Compute numpy arrays based on another numpy array with each other

February 22, 2023

I have three numpy arrays and I would like to compute two of them based on values from the third.

Specifically, I have the following arrays:

import numpy as np

a = np.array([1, 2, 3, 4, 5])
b = np.array([5, 4, 3, 2, 1])
c = np.array([0, 1, 2, 3, 4])

As a result, I would like to get a new array which is the difference of b and c when a is less than or equal to 3, and which is the sum of b and c when a is greater than 3.

This works easily via a loop, however I need code that is faster.
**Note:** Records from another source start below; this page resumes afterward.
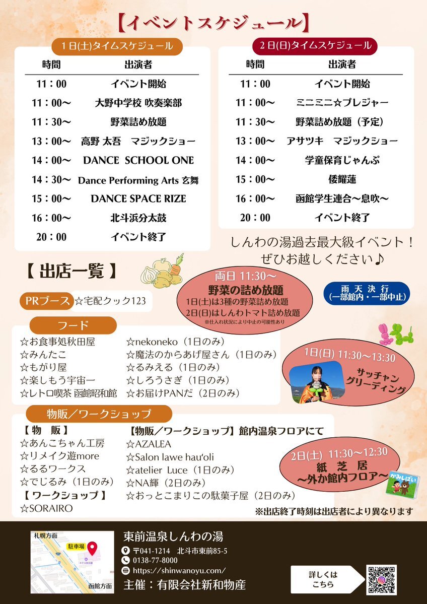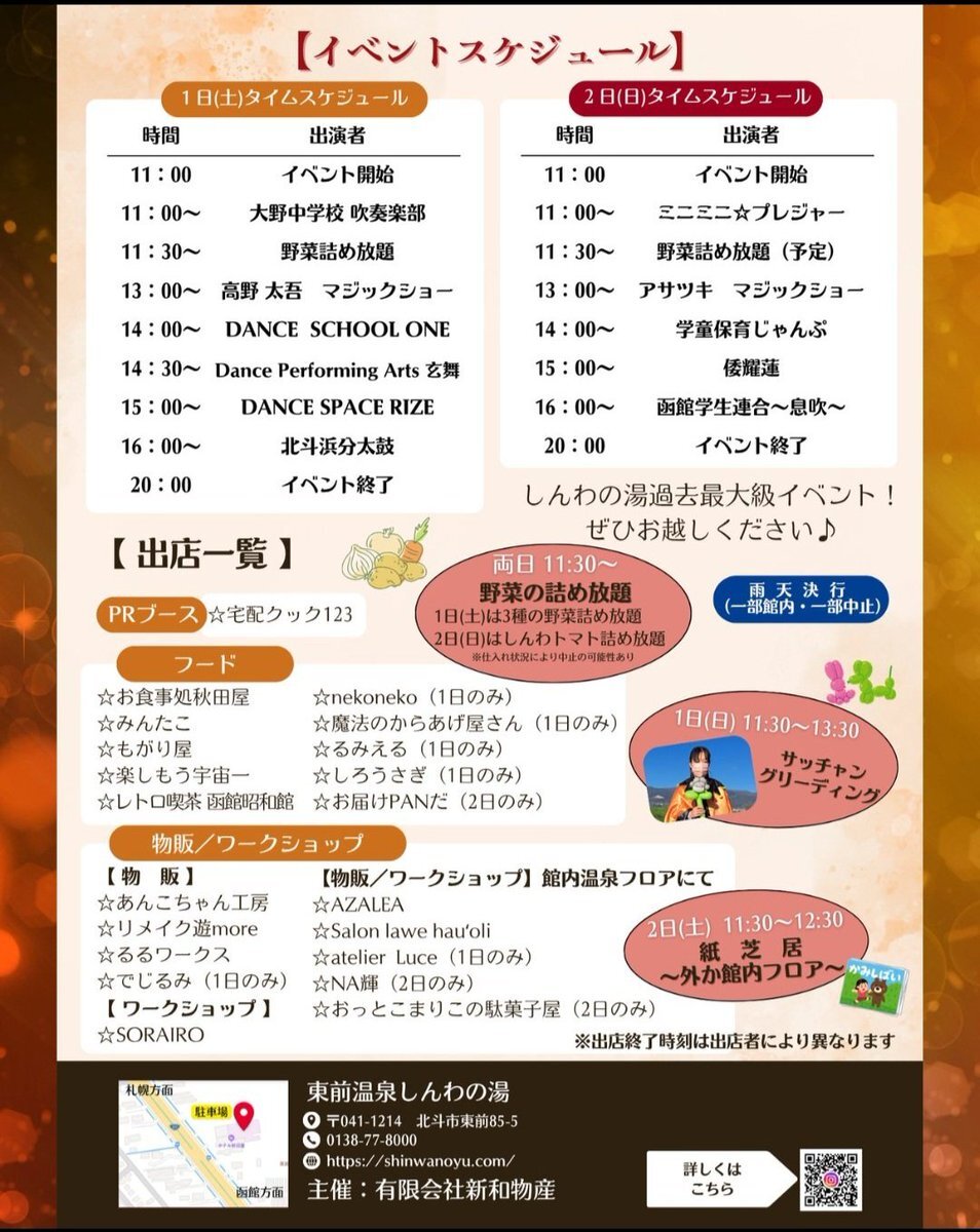 11月1.2日は「しんわの湯」さんのイベント✨ 【湯けむり♨️感謝祭】に出店します🐙‼️ 温泉が恋しくなるこの季節に超お得な企画盛り沢山の大イベント🔥 みんたこ以外のフードもいっぱい出店してますので、ぜひ皆さまのご来場お待ちしてますー🐙✨ #函館 #北斗市 #しんわの湯 #たこ焼き #温泉 pic.x.com/eXqZkibQYj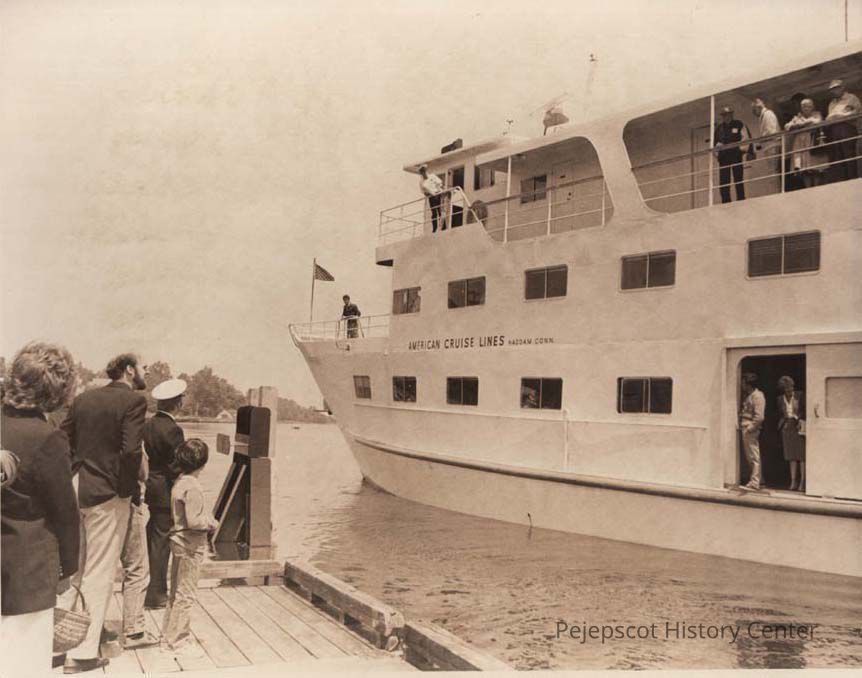 A black and white photo of the cruise ship American Eagle on the Kennebec River in Bath, Maine, is similar to 2003.546.3.753., 2003.546.3.755, 2003.and 546.3.756, which was published in The Times Record in Brunswick, Maine, on 6/24/1982.Collection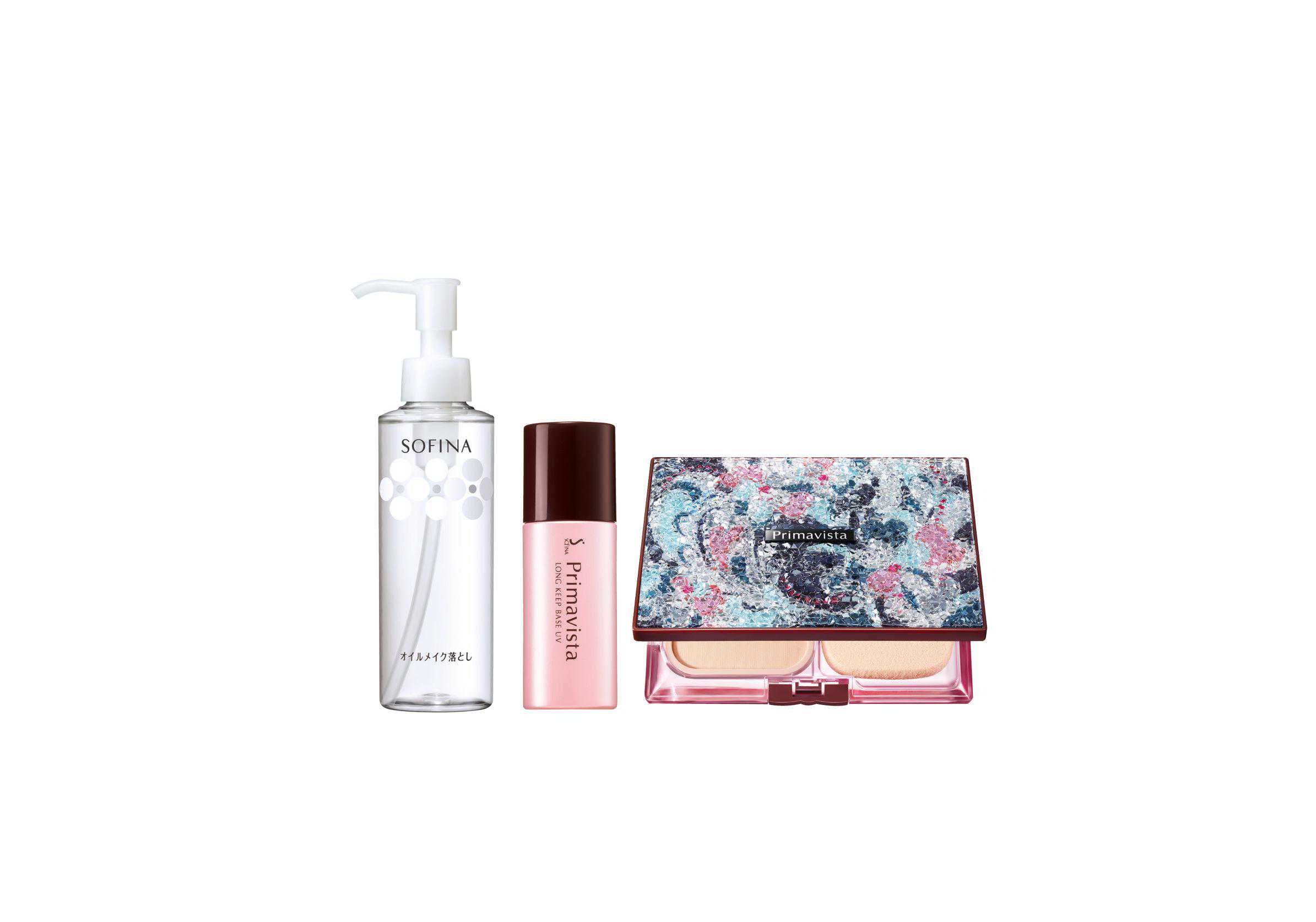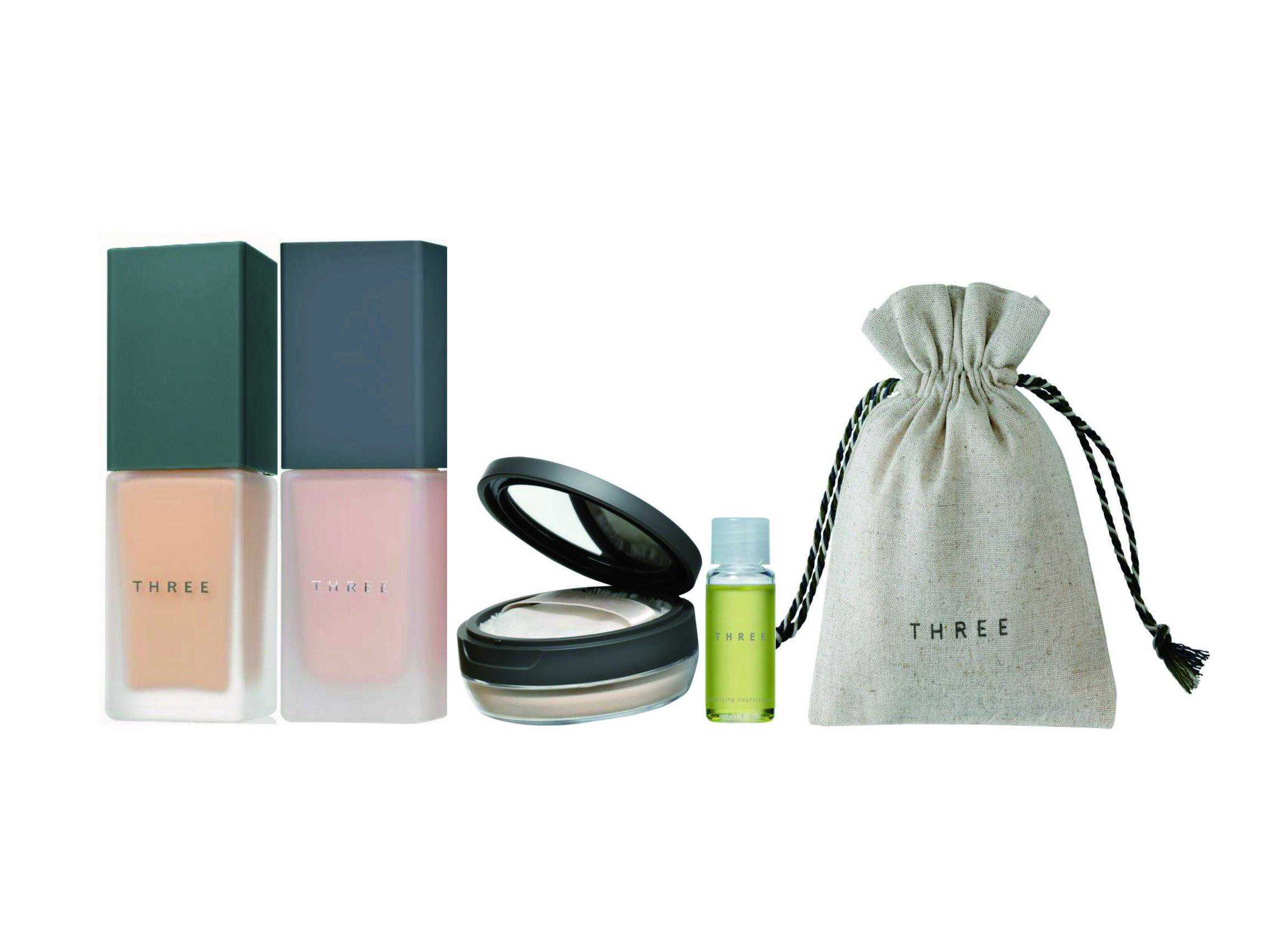 底妆套装,HKD790-1,025(价值HKD998-1,233)。为保持健康肤质,THREE以80%以上天然植物成分提炼成底妆系列产品,犹如为面部进行「第二层护肤」,展现肌肤的自然美。礼品中的人气亮点为内附镜子的凝光蜜粉,方便携带。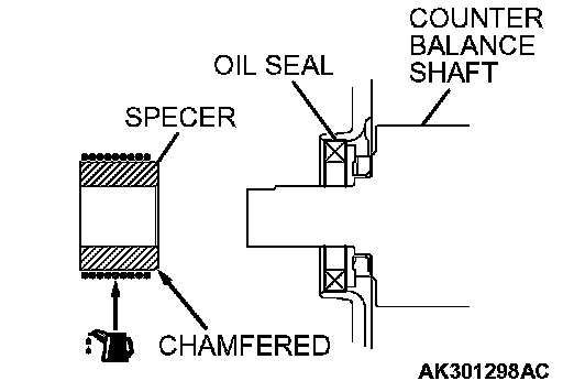 2. Install the spacer with the chamfered end facing toward the oil seal.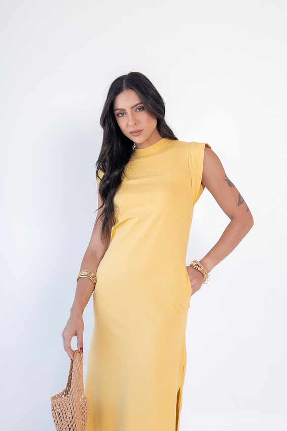 Vestido Midi Mudcle com modelagem tradicional de gola''O'' com ribana e costura ombro a ombro.

I have already tried it via np.where, but unfortunately that is not faster for me either.

import timeit

t = timeit.default_timer()
for _ in range(10000):
    d1 = np.zeros(5)
    for i in range(5):
        if a[i] <= 3:
            d1[i] = b[i] - c[i]
        else:
            d1[i] = b[i] + c[i]
print(f"Time: {timeit.default_timer() - t} s")  # prints: 0.025416199998289812 s

t = timeit.default_timer()
for _ in range(10000):
    d2 = np.where(a <= 3, b - c, b + c)
print(f"Time: {timeit.default_timer() - t} s")  # prints: 0.02637680000043474 s

Am I using np.where wrong or are there other ways to make this code faster?

>Solution :

You are comparing on a too small dataset. Thus you’re mostly measuring numpy’s overhead.

Here is the same comparison on arrays of 50k items:

# for loop
18.6 ms ± 1.1 ms per loop (mean ± std. dev. of 7 runs, 100 loops each)

# numpy.where
91.8 µs ± 1.86 µs per loop (mean ± std. dev. of 7 runs, 10,000 loops each)